Function Inputs and Workflow Dependencies

Some functions are designed to consume outputs from other SciDataReportR functions. These relationships are part of the workflow infrastructure and should be checked when composing analyses.

SciDataReportR now uses workflow-oriented canonical names for new code, while older public names remain available as compatibility aliases. For example, CreatePCATable() still works, but CreatePCAObject() better describes the reusable PCA object returned by that workflow.

Function	Primary input	Upstream SciDataReportR function	Output	Common downstream use
`add_r_and_stars()`	Correlation heatmap result list	`PlotCorrelationsHeatmap()`	Annotated `ggplot`	Add `geom_starcaption()` for report-ready star explanations
`geom_starcaption()`	No direct object; added with `+`	`PlotCorrelationsHeatmap()` or `add_r_and_stars()`	`labs()` caption layer	Explain ``, ``, and `**` thresholds on heatmaps
`ApplyNormativeTScores()`	New data and normative scoring object	`CreateNormativeTScoreModel()`	Applied normative T-scores	Score future cohorts with the same model
`ProjectZScore()`	New data and z-score parameters	`CreateZScoreObject()`	Projected standardized scores	Apply a prior standardization to new data
`ProjectPCA()`	New data and PCA object	`CreatePCAObject()`	Projected PCA scores	Compare new samples in an existing PCA space
`ProjectSOMCluster()`	New data and SOM cluster solution	`CreateSOMClusterModel()`	Projected SOM/cluster assignments	Apply an existing cluster solution to future cohorts
`ProjectRCI()`	New data and RCI object	`CreateRCIObject()`	Projected reliable change metrics	Apply an existing change model

Flagship Workflow Examples

library(SciDataReportR)

# Metadata-aware setup
variable_types <- CreateVariableTypesTemplate(SampleData)
data_dictionary <- MakeDataDictionary(SampleData)

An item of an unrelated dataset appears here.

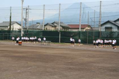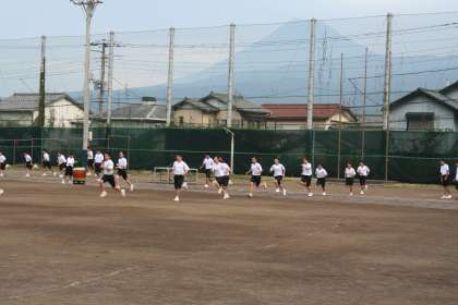 潮騒祭応援団の練習風景です。休み時間や放課後の時間が詰まっているので、この朝の時間が貴重な練習時間です。
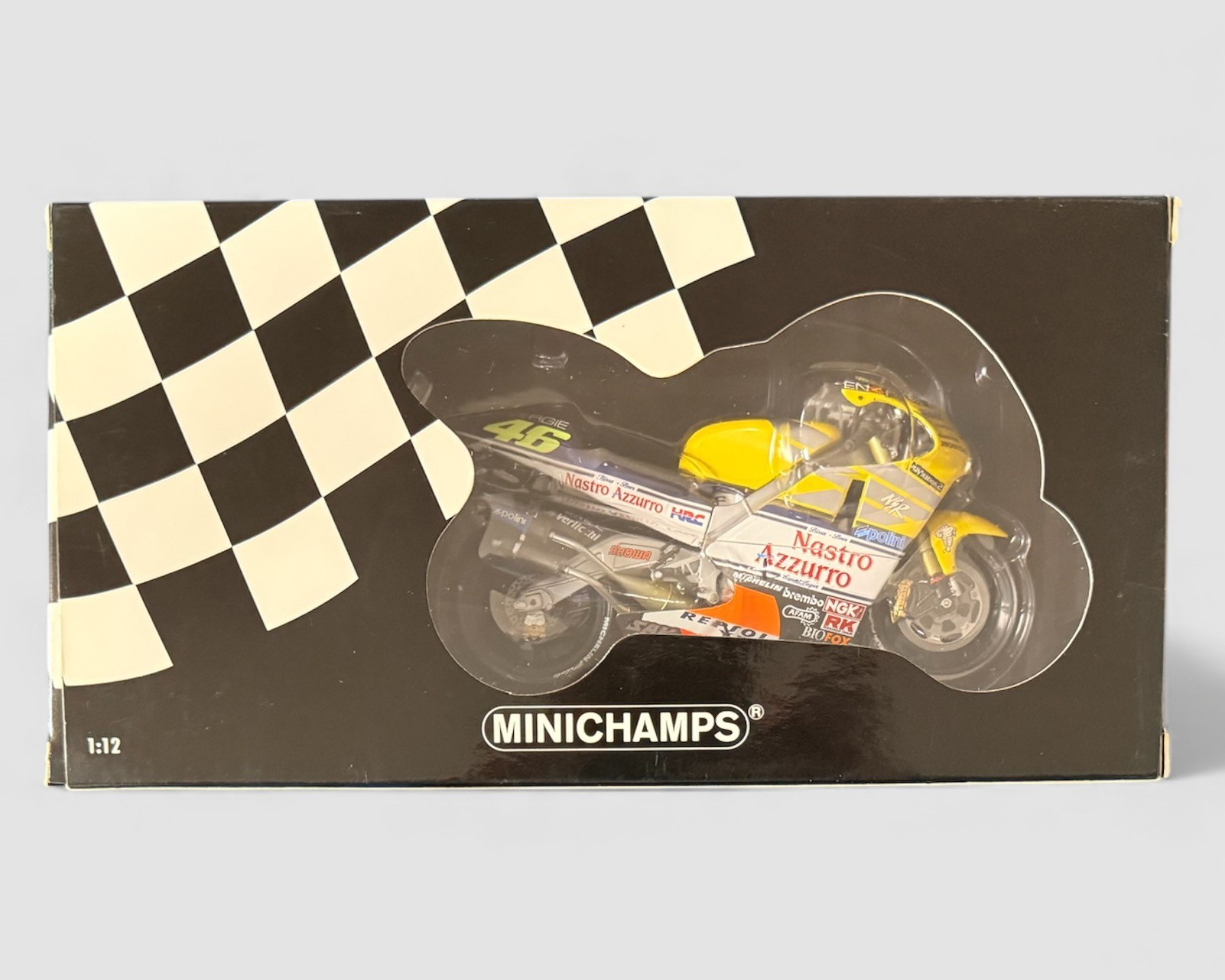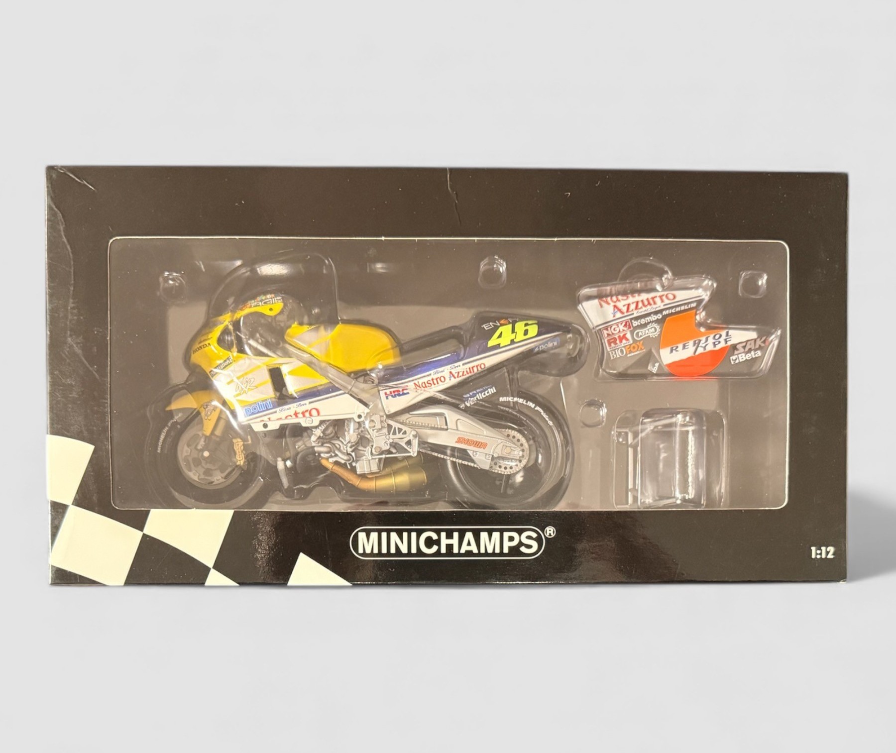 Minichamps 1/12th scale Honda NSR 500 2001 Team Nastro Azzuro No. 122 016146, generally excellent in excellent window box including inner plastic clamshell. Contents unchecked for completeness or correctness and viewing recommended.

# Cohort comparison workflow
comparison <- MakeComparisonTable(
  DataFrame = SampleData,
  CompVariable = "Diagnosis",
  Variables = c("age", "tau", "p_tau")
)

# Correlation heatmap workflow with downstream annotation
cor_res <- PlotCorrelationsHeatmap(
  Data = SampleData,
  xVars = c("age", "tau", "p_tau"),
  yVars = c("Ab_42", "C_Reactive_Protein")
)

annotated_plot <- add_r_and_stars(cor_res) + geom_starcaption()

Data Structures and Conventions

SciDataReportR is built around practical life science data structures:

Data frames or tibbles with one row per observation, sample, participant, or visit.
Labelled variables where labels should remain visible in reports and plots.
Variable-type templates that distinguish continuous, categorical, binary, ordinal, outcome, covariate, and feature variables.
Codebooks and data dictionaries that document the meaning and structure of datasets.
Fit/project workflows where a transformation or model learned from one cohort can be applied to a future cohort.

Documentation

Package website: https://rdastgh1.github.io/SciDataReportR/
Reference index: https://rdastgh1.github.io/SciDataReportR/reference/
Issues and feature requests: https://github.com/RDastgh1/SciDataReportR/issues
R/Medicine 2024 slides: https://rdastgh1.quarto.pub/rmedicine-2024-scidatareportr

Roadmap

Near-term priorities:

Expand workflow-oriented vignettes for data setup, codebook harmonization, EDA/reporting, comparisons, visualizations, PCA/projection, SOM projection, normative T-scores, and longitudinal transitions.
Improve function-level documentation with input object requirements, return structures, and downstream use.
Add a richer visualization gallery with representative outputs.
Strengthen release notes, CI, pkgdown organization, and contributor-facing documentation.

Future directions:

Heatmap workflows for high-dimensional scientific data.
Volcano plot workflows for categorical two-group differences.
Volcano-style workflows for continuous predictors with beta values on the x-axis.
Workflow templates for cohort comparison, biomarker discovery, longitudinal follow-up, normative scoring, and cluster projection.
Structured analysis/report cards that summarize inputs, methods, parameters, and outputs.
Optional AI-native report summaries and machine-readable workflow metadata.

Citation, License, and Contributing

SciDataReportR is released under the MIT license. Please cite the package and link to the project website when using it in scientific reports, presentations, or manuscripts.

Contributions, bug reports, and workflow ideas are welcome through GitHub issues.